File-Based Encryption | Android Open Source Project

Android 7.0 and higher supports file-based encoding ( FBE ). File-based encoding allows different files to be encrypted with unlike keys that can be unlocked independently .
This article describes how to enable file-based encoding on new devices and how system applications can use the Direct Boot APIs to offer users the best, most impregnable experience possible .
Caution :

  • For new devices running Android 10 and
    higher, file-based
    encryption is required.
  • Devices running Android 9 and higher can use adoptable storage
    and file-based encryption.
  • For devices running Android 7.0–8.1, file-based
    encryption can’t be used together with adoptable storage. If file-based
    encryption is enabled on these devices, new storage media (such as an SD
    card) must be used as traditional

Direct Boot

File-based encoding enables a new have introduced in Android 7.0 called Direct Boot. Direct Boot allows encrypted devices to boot uncoiled to the interlock screen. previously, on code devices using full-disk encoding ( FDE ), users needed to provide credentials before any data could be accessed, preventing the earphone from performing all but the most basic of operations. For example, alarms could not operate, handiness services were unavailable, and phones could not receive calls but were limited to only basic hand brake dialer operations.

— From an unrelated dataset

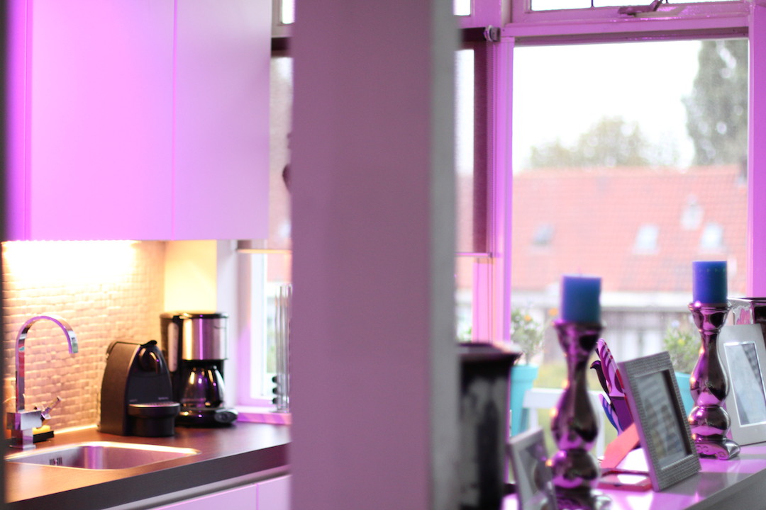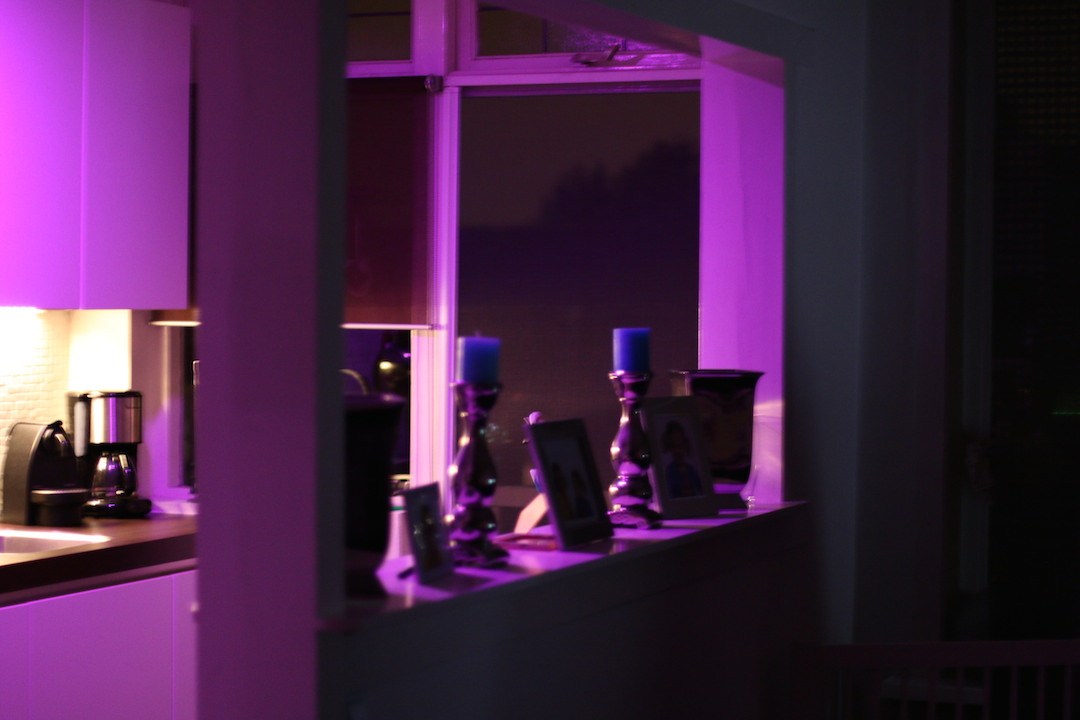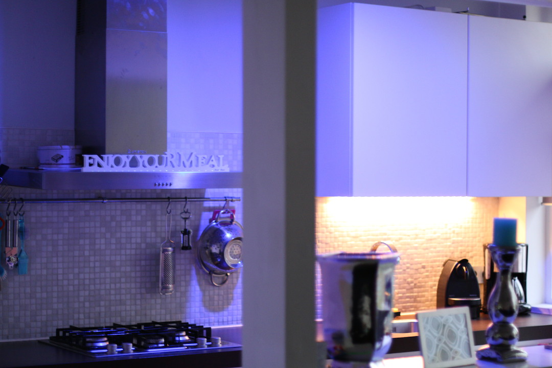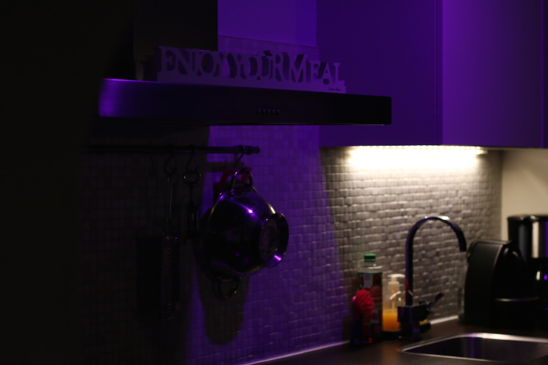 Net zo belangrijk als bediening natuurlijk. Nou ben ik geen licht-expert, maar wel een consument, daarom benader ik ook op die manier. Overdag heb je weinig aan het licht, want dan zal het jouw kamer niet kleuren, maar dat lijkt mij vrij logisch. Zodra het schermig wordt, zou je het licht wel al kunnen gebruiken. Hieronder zie je een reeks foto’s die ik heb genomen rond 16:30 uur op een wat regenachtige dag. Ik heb hier 1 spot gebruikt voor het verlichten van mijn keuken. 1 LED spot in het midden van de keuken was ruim voldoende licht voor de gehele keuken. Ik vond het rond dat tijdstip al een cool effect hebben voor mijn gehele woonkamer. Ik heb immers een openkeuken met een bar, waardoor het licht door de gehele woonkamer te zien was. Simpel gezegd het geeft sfeer.

With the introduction of file-based encoding ( FBE ) and newfangled APIs to make applications aware of encoding, it is possible for these apps to operate within a limited context. This can happen before users have provided their credentials while still protecting private user information .
On an FBE-enabled device, each drug user of the device has two storehouse locations available to applications :

  • Credential Encrypted (CE) storage, which is the default storage location
    and only available after the user has unlocked the device.
  • Device Encrypted (DE) storage, which is a storage location available both
    during Direct Boot mode and after the user has unlocked the device.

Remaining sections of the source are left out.